Маша, не двигаясь, глядела на него с дивана. Агент говорил вполголоса, весь подался вперед, в общем был спокоен, только ноздри его, широкие и дряблые, вздрагивали – из-за чертова ли самолюбия, или действительно в ноздри ему потянуло запахом преступления.
Он говорил – тихо, не торопясь – вещи похуже, чем Базиль в пролетке, и сейчас же вывертывался, хотя его и никто не прижимал, никто не интересовался – великий он человек или вошь. Вознесясь, унижался; рассказывал, как однажды в одиночестве, на этой постели, больной, он целые сутки просил пить: «Питики, питики, – просил я слабым голосом…» Или – как ночью, сидя в подштанниках, кушал яичко, лупя его на ладони.
Когда он дошел до этого лупленного яичка, Машу вдруг охватила такая злоба, что застучали зубы.
– Вы пошляк, – сказала она, – негодяй, нашли над кем измываться… Трус!
Агент поднял большие руки к плешивой голове, с трудом оторвался от стула и заходил по комнате, забросанной окурками. «Этот не зарежет», – подумала Маша.
– Боже, как я одинок, боже, как я ужасно одинок, – проговорил он раздирающе тихим и вместе театральным голосом.
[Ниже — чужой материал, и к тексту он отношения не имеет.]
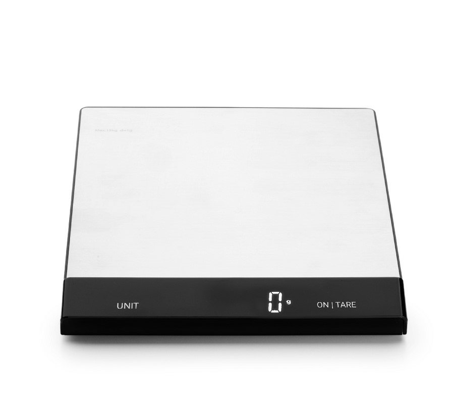 > Hochwertige, große Wiegefläche aus satinierten Edelstahl zum professionellen Arbeiten
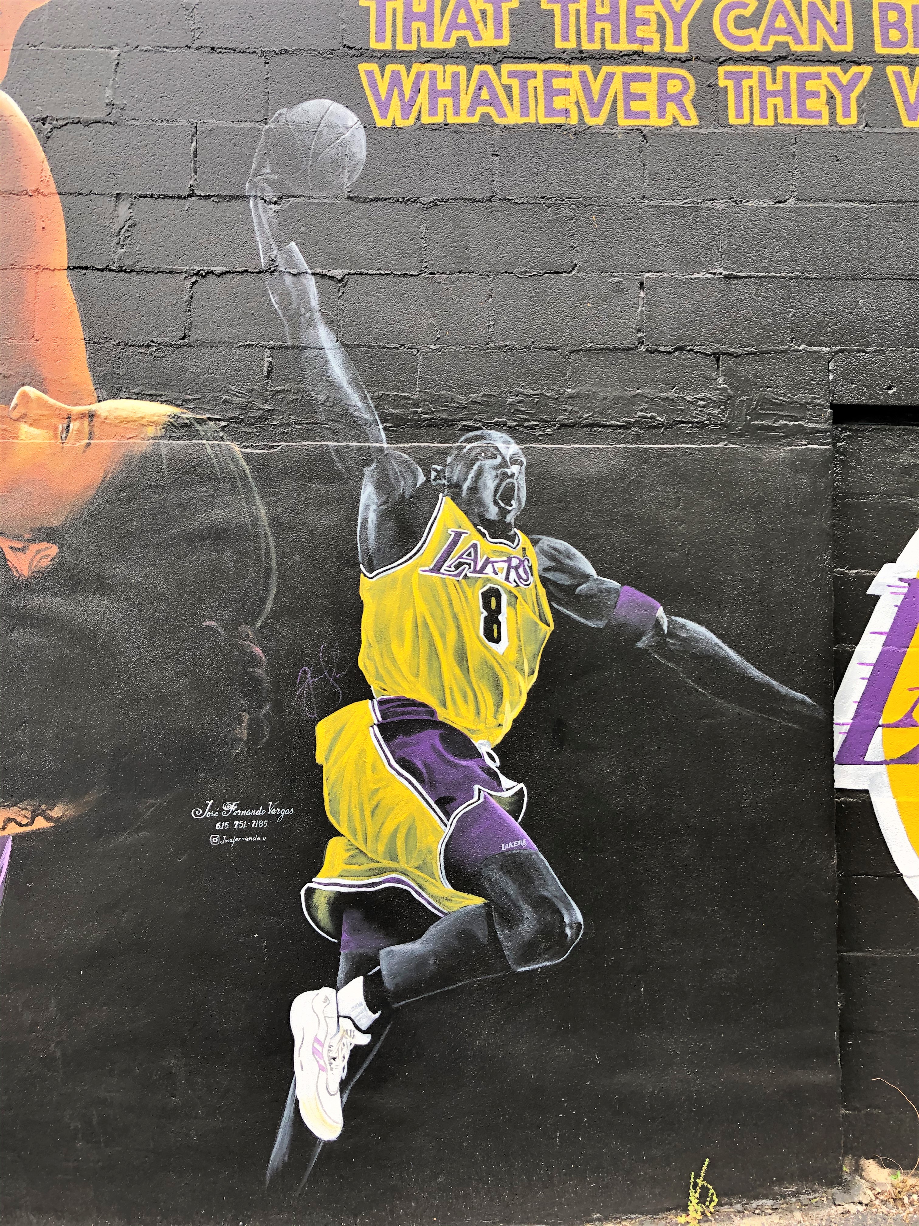 Since the death of Kobe Bryant, at least three memorial murals have appeared in Nashville honoring him. I’ve already written about one by JamersonSGC, which I featured in Strength and mourning. Another, which I’ll feature soon, is found on 51st Ave North at This Red Bicycle Coffee. It is interesting that of all the icons that have been lost of late, Bryant has gotten this much artistic attention.

После этого он и Маша замолчали. Он ходил, она прилегла щекой на сложенные ладони. Штора серела, голубела. И вот на ней появилась тень переплета рамы. Встало солнце. Под окном прошли голоса. Начинался скучный день. Маша поднялась, одернула платье и пошла к двери.
– Куда? Останьтесь! – у него задрожало лицо. – Куда вам к черту одной на улицу… Неужели не найдется у вас хоть капля ласки?
Маша толкнула его от двери и ушла. Слышала, как он завыл, потом загремело, покатилось что-то по комнате, – должно быть, жестянки с консервами.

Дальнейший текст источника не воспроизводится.